Fine, as rhetoric. But really. Let's run a hypothetical through the wash. I would suspect that Ralph is still progressive enough that he would favor a substantial hike in the minimum wage. Let's say that is your issue. Now let's say you have $500 to $700 billion to spend on 2016 to try to make that happen. How are you going to spend it?

Seems to me there are two possible courses. Course one, which Nader is out recommending, is to try to buy the White House with all those billions, so you have an unbought president. You have secured from him a promise (let's say) that if elected he will follow your desires and push for a $13.50 minimum wage.

So you have a president in your pocket. But there's still Congress. And that's your problem, because the fact is that a hefty minimum wage hike will never pass Congress until you have at least 60 (probably 63 or 64, to be safe) Democrats in the Senate, and certainly at least 255 or so Democrats in the House, to allow for a number of Blue Dog defections.
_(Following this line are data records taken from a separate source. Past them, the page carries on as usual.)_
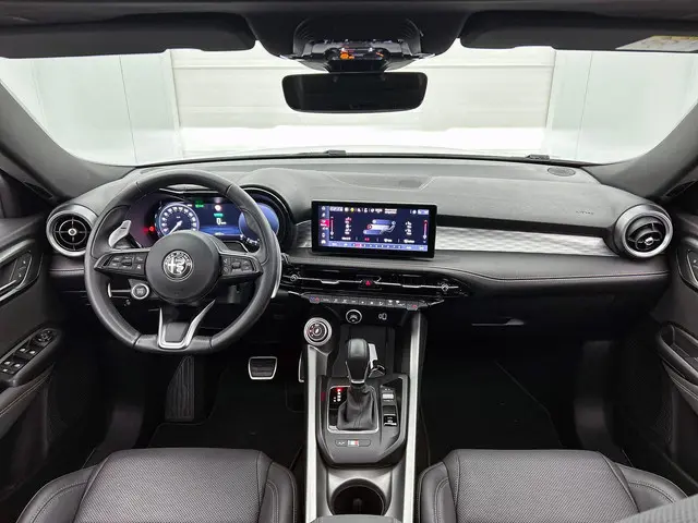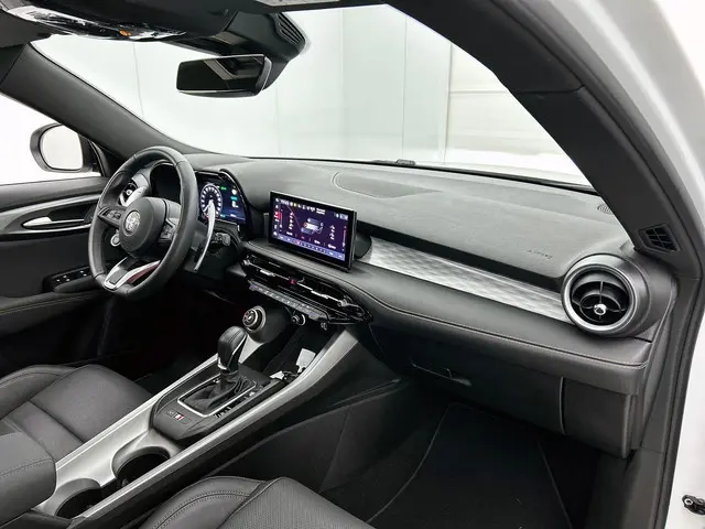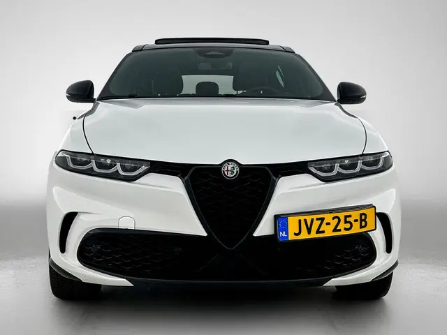 Ontspannen en zorgeloos autorijden, dat doet u met deze Alfa Romeo Tonale. Deze auto uit het bouwjaar 2024 heeft 28569 kilometer gelopen. Deze Alfa Romeo Tonale heeft in feite twee motoren: een voor benzine en een elektronische. Deze hybride oplossing biedt het beste van beide! Boven uw hoofd schijnt de zon. Het licht valt binnen door het elektrisch bediende glazen panorama dak. En door het comfort van het lederen interieur geniet u van elke kilometer. Behaaglijk onderweg zijn? Als bestuurder geniet u van de verwarmbare voorstoelen. Net als uw bijrijder! Deze Alfa Romeo Tonale heeft een verwarmd stuurwiel. Nooit meer koude handen onderweg. Opvallend is de geavanceerde matrix LED-verlichting met daglichtkwaliteit. De koplampen dimmen automatisch het deel van de lichtstraal waar voor- of tegenliggers in rijden. De overige segmenten blijven aan en verlichten de weg maximaal. In deze Alfa Romeo profiteert u onder andere ook van: 20 inch lichtmetalen velgen, adaptief dempingsysteem, in delen neerklapbare achterbank, LED-achterlichten en verwarmde ruitensproeiers.De indeling van het digitale dashboard is zo ingericht dat u met één blik precies weet wat u weten wilt. Inparkeren? Met de achteruitrijcamera heeft u er geen omkijken meer naar! Als u de adaptive cruise control inschakelt, regelt de auto zelf de snelheid en de afstand tot de auto voor u. Waar u zelf ook bent, u staat altijd in contact met de auto via de app op uw smartphone. Zo controleert u uiteenlopende functies, ook op afstand. Onderweg kunt u veilig genieten van het audio-installatiesysteem met DAB-radio en het full map navigatiesysteem. Want in deze Alfa Romeo bedient u ze vanaf het stuurwiel of met uw stem. Ook is de Alfa Romeo uitgerust met: automatische airconditioning, draadloos opladen, keyless entry en automatisch dimmende binnenspiegel.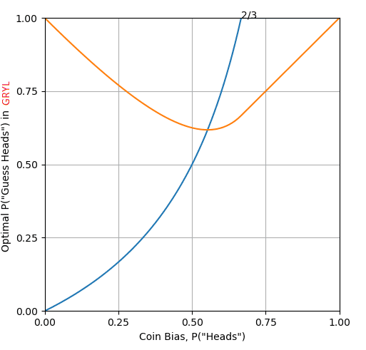 coin_guess.append(coin == 'Heads')The results are all the same. You in particular has only 50% to guess the result of the coin toss - that's the bailey. But if you also count the other person guesses - construct the thriders scoring rule you together get 2/3 for Tails - that's the motte.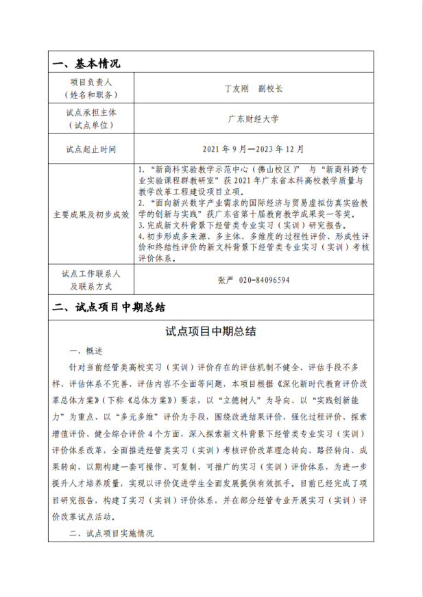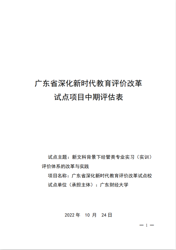 根据《深化新时代教育评价改革总体方案》要求,以“立德树人”为导向、以“实践创新能力”为重点、以“多元多维”评价为手段,围绕改进结果评价、强化过程评价、探索增值评价、健全综合评价4个方面,构建了新文科背景下经管类专业实习(实训)评价体系矩阵,形成了新文科背景下经管类专业实习(实训)研究报告,提交了广东省深化新时代教育评价改革试点项目中期评估表与佐证材料,评价等次良好。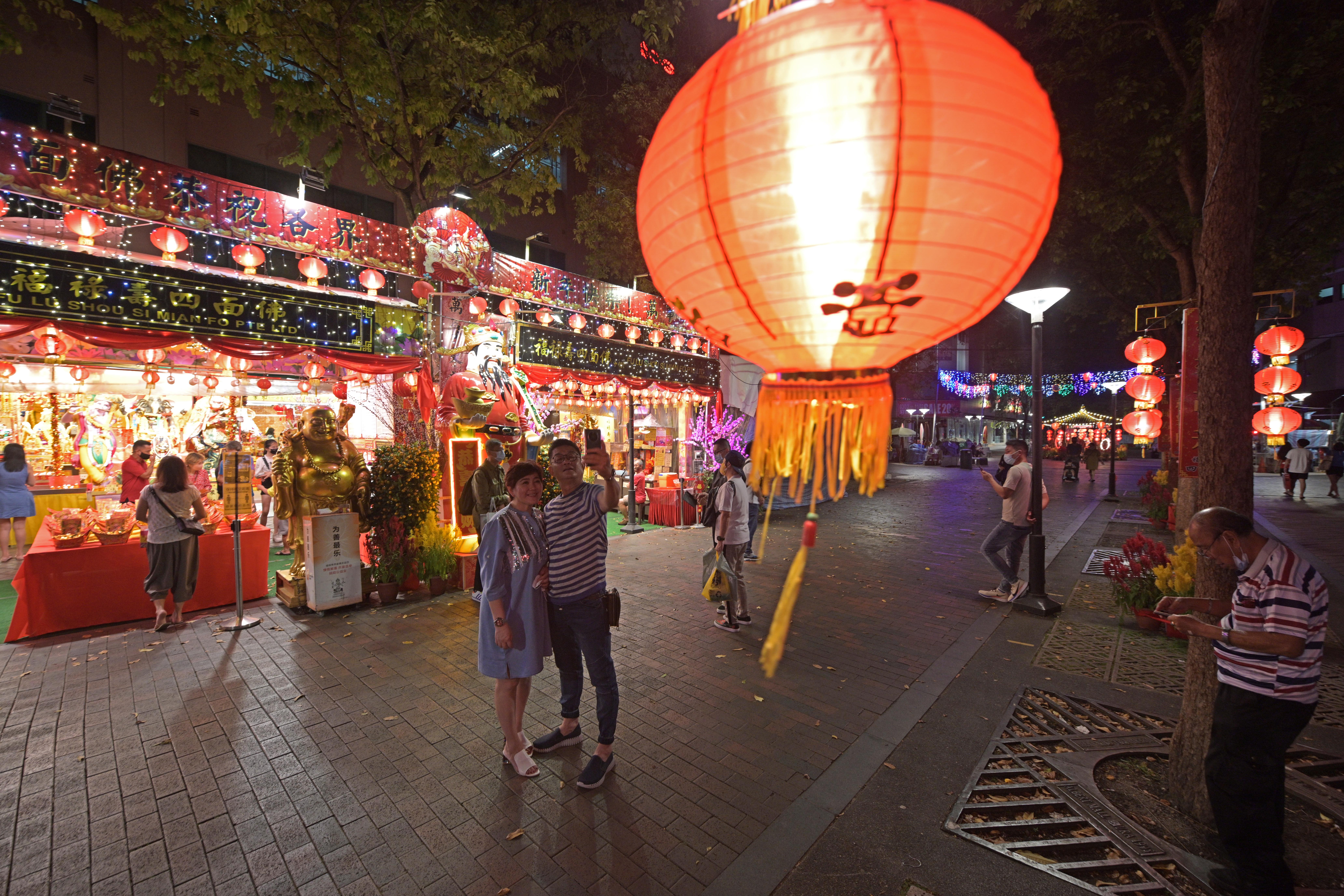 2月11日,人们在新加坡街头的红灯笼旁自拍。为庆祝中国春节,海外许多地方被红灯笼、对联等中国特色的春节装饰所装点,为当地增添了中国年味儿。(新华社发,邓智炜摄)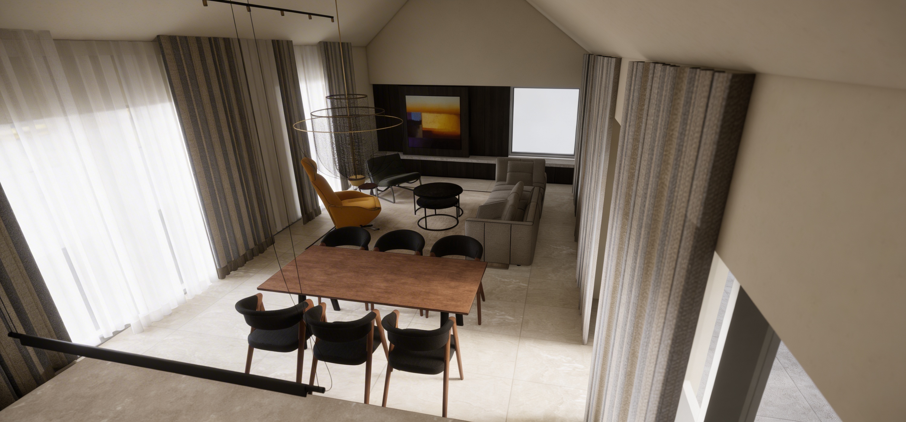 make this photo more realistic don t change any geometry update the herringbone pattern on the cabinetry to fluted door fronts in a medium grain use a grey steel faucet update the range to stainless steal add a 6 feet x3 feet island with fluted wood and waterfall countertop plus 3 skylights above it update the countertop and backsplash halfway up the wall to a white and gray ceasarstone use a warm grey color from benjamin moore for the rest of the walls add in a refridgerator to the west wall at the end of the counter run on the south side make the 3 square skylights above the island 1 foot on each side add 3 minimalist counter stools in tan leather and charcoal black metal legs that have a curved back add in a roman shade over the window in an black and white mainly black small medium geometric pattern add a hapa teenage boy with black hair and brown skin doing his homework at the island wearing sweats and a blue teeshirt with his back to us add a fruit bowl in a large black clay bowl to the island have the cabinets run to the end of each wall make the back door a raise panel door in swiss coffee from benjamin moore add a white cast iron pot to the stove add bright orange and yellow and black japanese inspired dish towels near the sink add a japandi vibe to the scene add a black and white doormat in front of the back door that has an abstract botanical japanese pattern on it make the hood a white color paint the ceiling the same color as the walls add a cute small japanese dog on a nice flat woven black and white runner rug in between the island and the sink

In other words, because of our system, you would be far savvier to take those hundreds of billions and divvy them up, between the presidential candidate and the various DNC and congressional committees, because having a president means nothing unless you have the majorities in Congress to get your action through. For all their warts, and there are many, the Democrats, operating in both the executive and legislative branches, are the only people in this country who are going to pass a substantial minimum wage increase. The Republicans are going to oppose it to a person (well, Mark Kirk excepted, maybe). And no savior billionaire is going to be able to change their minds.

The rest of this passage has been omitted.